THE LACK OF National Guard troops because of the war in Iraq; the Bush administration's failure to protect coastal wetlands; the reorganization of the Federal Emergency Management Agency: All have been blamed, somewhat arbitrarily, for the stunning scenes of chaos at the New Orleans Superdome and convention center, for the unprecedented floodwaters in the city, and for the huge numbers of people without food or water. But if blame is to be laid and lessons are to be drawn, one point stands out as irrefutable: Emergency planners must focus much more on the fate of that part of the population that -- for reasons of poverty, infirmity, distrust of officialdom, lack of transportation or lack of information -- cannot be counted on to leave their homes after an evacuation order.

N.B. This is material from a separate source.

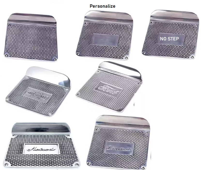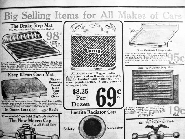 Larry, IMHO you are incorrect.They were offered by many concerns as an era accessory item in many styles. Haven’t you been following Tom’s incredible photos? Original T owners lavished their lizzies with accessories. I was faced with the same problem, those shiny new ford script step plates were installed on one of my vehicles. My solution was to find a matched set of 4 originals to replace them. I like period accessories, AND I love the challenge of finding uncommon things. Probably a wash as to filling up a bunch of mounting holes, and I love the result. AND, if you like step plates, they can be easily installed without drilling ANY holes. %100 reversible if you move the auto to someone who doesn’t want them.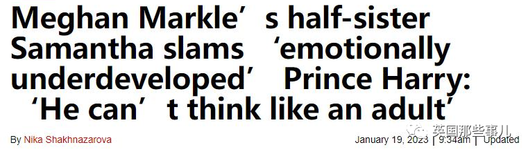 之後幾個月,薩曼莎開始各種上媒體噴梅根哈裡夫婦,比如今年《備胎》出版後,薩曼莎就說哈裡“情感沒發育完全”,“不能像成年人壹樣思考”等等........

Tragically, authorities in New Orleans were aware of this problem. Certainly the numbers were known. Shirley Laska, an environmental and disaster sociologist at the University of New Orleans, had only recently calculated that some 57,000 New Orleans Parish households, or approximately 125,000 people, did not have access to cars or other private transportation. In the months before the storm, the city's emergency planners did debate the challenges posed by these numbers, which are much higher than in other hurricane-prone parts of the country, such as Florida. Because a rapid organization of so many buses would have been impractical, the city's emergency managers considered the use of trains and cruise ships. The New Orleans charity Operation Brother's Keeper had tried to get church congregations to match up car-owners with the carless, and it had produced a DVD on the subject of hurricane evacuations that was to be distributed later this month. Unfortunately, none of these plans was advanced enough to have had much impact last week.
Instead the city decided to use the Superdome as a "shelter of last resort." Following that decision, a major mistake was made: Not enough food, water or portable toilets were made available to accommodate the enormous number of people who turned up. No one in the federal, state or city governments appears to have been prepared for the possibility that thousands would be forced to stay there nearly a week. With some forethought, the National Guard troops who arrived Friday could have been en route before, or even immediately after, the storm. Five days was too long to tell people to wait without supplies.
The question now is whether other major U.S. cities have focused on their immobile and impoverished residents to the degree that they should. Much of the emergency preparedness literature that has appeared on the Internet and elsewhere has focused on driving, on evacuation routes and on portable supplies. The events in New Orleans should force homeland security officials across the country to understand that this is not enough: Some thought must also be given to the fate of people who cannot or will not leave. The National Guard and FEMA should anticipate that some will remain behind, and food and water should be set aside for them. If fingers are to be pointed in the wake of this tragedy, this is one direction to point them.